The AEE Institute is a nonprofit educational and charitable affiliate of Advanced Energy Economy (AEE), a national business association.

 

Advanced energy comprises a significant part of Iowa's economy, employing 1.3 percent of Iowa's total workforce. Employment in advanced energy-related businesses is greater than employment reported for crop production, general freight trucking and animal production in Iowa, according to the report.

 

"In states from coast to coast and in between, the advanced energy industry is substantial and growing," said Graham Richard, CEO of AEE and the AEE Institute. "This first-ever survey of advanced energy firms in Iowa shows that energy efficiency, biofuels, wind power and other advanced businesses are creating jobs and contributing to the Iowa economy."

 

Accounting for 22,643 workers at 1,427 establishments, the advanced energy industry in Iowa is largely "deployment-based," with nearly half of all firms (47 percent) engaged in the installation of advanced energy products, and a significant percentage (22 percent) focused on sales and distribution.
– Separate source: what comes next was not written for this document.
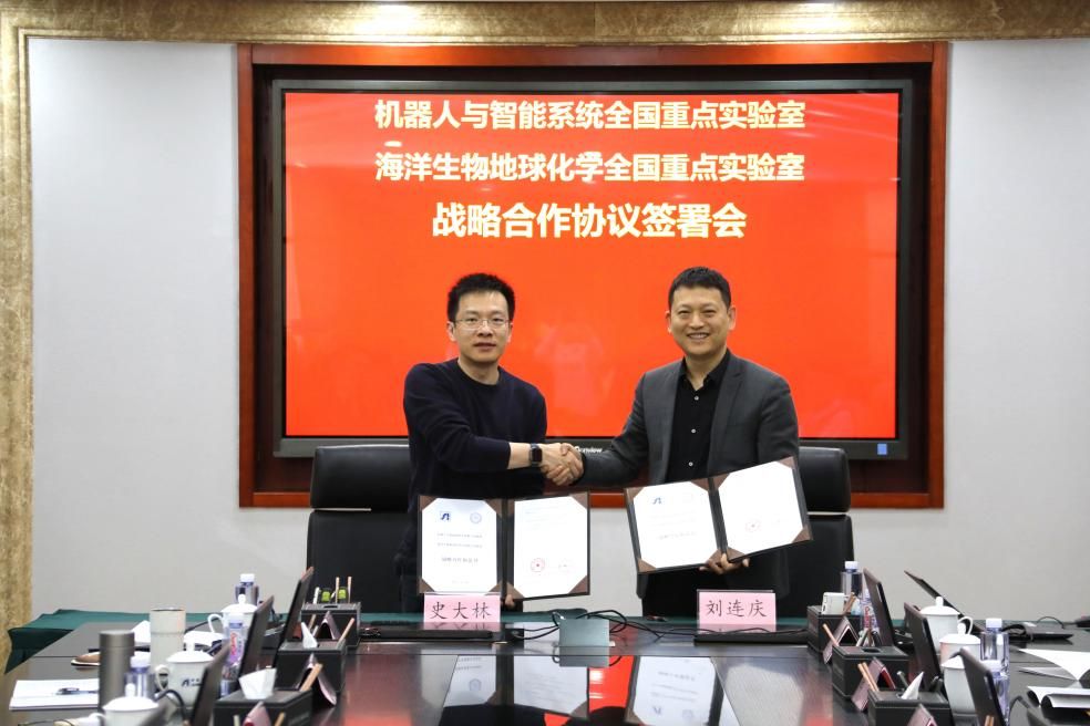 厦门大学副校长、海洋生物地球化学全国重点实验室主任史大林,沈阳自动化所副所长、机器人与智能系统全国重点实验室副主任刘连庆致辞,并代表双方实验室签署战略合作协议。
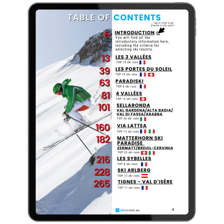 Click the button below to download a free chapter of the ski guide Skiing Europe: Top 100 Biggest Ski Resorts & 617 Best Ski Runs – The Ultimate Ski Guide >>

Engineering and research firms account for 11 percent of advanced energy firms in Iowa, while manufacturing and assembly companies make up 6 percent of the total.

 

Advanced energy jobs in Iowa took a small (4 percent) dip from 2013, reflecting a widespread decline in wind energy installation due to uncertainty surrounding the federal production tax credit, although Iowa remains second in the nation in wind energy employment.

 

Advanced energy employment is expected to rise 6 percent in the coming year, based on the hiring plans of Iowa employers. Nearly one-third (31 percent) of advanced energy firms said they would hire more employees in the coming year, while a majority (63 percent) said they would hold steady at their current levels; only 1 percent expected to reduce staffing in 2014.